Disconnection of Cerebellar Motor Areas and Motor Impairment in Multiple Sclerosis
Francesco Romano1, Benedetta Signoracci1, Paolo Preziosa3, Monica Margoni2, Elisabetta Pagani1, Maria Rocca3, Massimo Filippi4
1Neuroimaging Research Unit, Division of Neuroscience, 2Neuroimaging Research Unit, Division of Neuroscience; Neurology Unit; and Neurorehabilitation Unit, IRCCS San Raffaele Scientific Institute, 3Neuroimaging Research Unit, Division of Neuroscience; and Neurology Unit, 4Neuroimaging Research Unit, Division of Neuroscience; Neurology Unit; Neurorehabilitation Unit; and Neurophysiology Service, IRCCS San Raffaele Scientific Institute; Vita-Salute San Raffaele University
Objective:
To assess atrophy and T2-hyperintense lesion load in the anterior (ACMA) and posterior (PCMA) cerebellar motor areas and investigate their correlations with motor impairment in patients with multiple sclerosis (MS).
Background:

The cerebellum is susceptible to damage in patients with MS. Two motor representations have been described in cerebellar functional topography: lobules I–V (ACMA) and lobule VIII (PCMA).
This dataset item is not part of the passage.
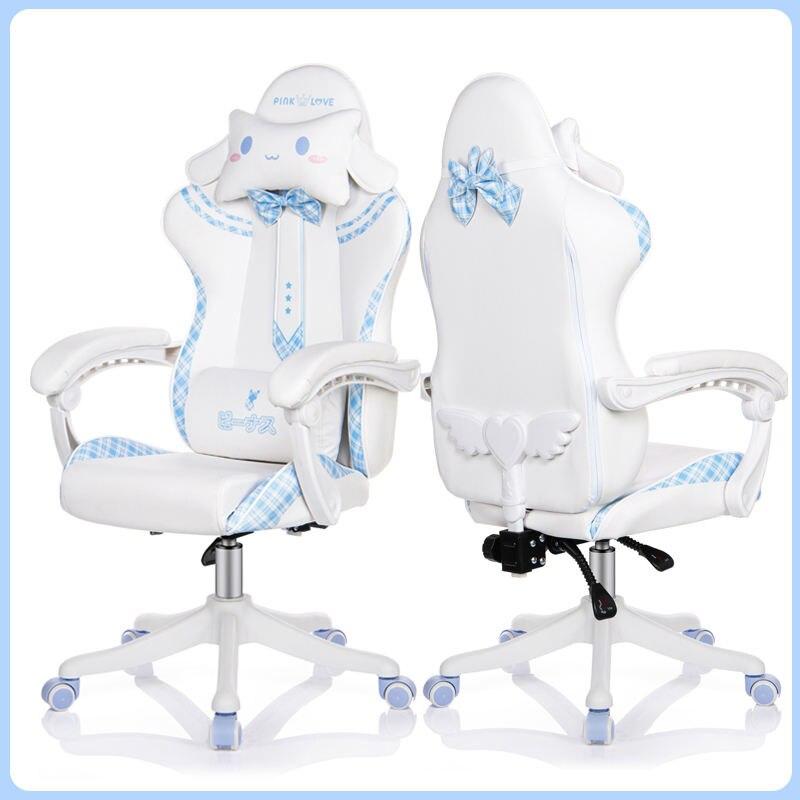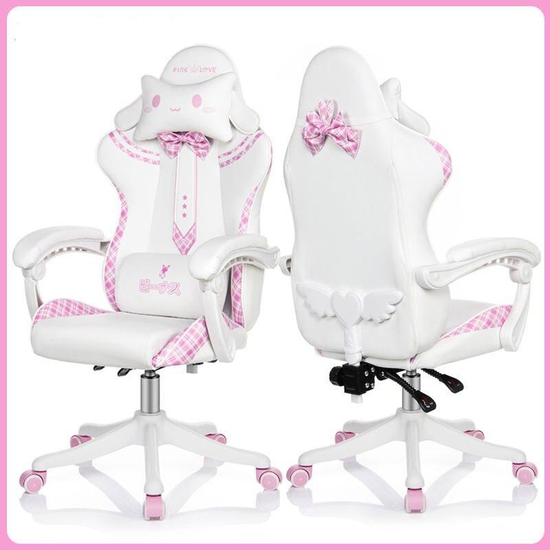 Pink Cute Gaming Chair with Bow Tie Design & 360° Swivel

A primary role of the ACMA and a secondary role of the PCMA have been suggested, but their specific functions and involvement in MS are unclear.

Design/Methods:

Eighty-nine MS patients and 65 healthy controls (HC) underwent a functional assessment (gait function and hand dexterity) and structural MRI acquisition at 3.0T, used to extract cerebral and cerebellar volumes and T2-hyperintense lesion loads. Cerebellar lobules were segmented using the SUIT atlas. Between-groups comparisons and age/sex-corrected partial correlations were assessed.

Results:
Compared to HC, both ACMA and PCMA were atrophic in MS (p<0.001), with similar reductions between the two areas. More than 60% of MS patients had lesions in either motor lobule. ACMA volume was lower than PCMA in HC and MS (p<0.001), whereas T2-hyperintense lesion load was higher in the ACMA than PCMA in MS (p=0.040). Patients with lesions in both areas had worse motor performances than those without lesions in either area (p<0.001 for all). Patients with lesions only in the ACMA or PCMA had similar motor abilities. In patients, lower ACMA and PCMA volumes correlated only with worse left-hand dexterity (p<0.001), whereas higher T2-hyperintense lesion loads in both ACMA and PCMA correlated with worse performances in all motor tests (r range=-0.358;-0.445, p≤0.001 for all). 
Conclusions:

The non-homogeneous distribution of lesions suggests an increased susceptibility of the ACMA to focal demyelinating lesions. Considering correlation analyses, disconnection of cerebellar motor areas, rather than localised lobular atrophy, seems to better explain motor impairment in MS.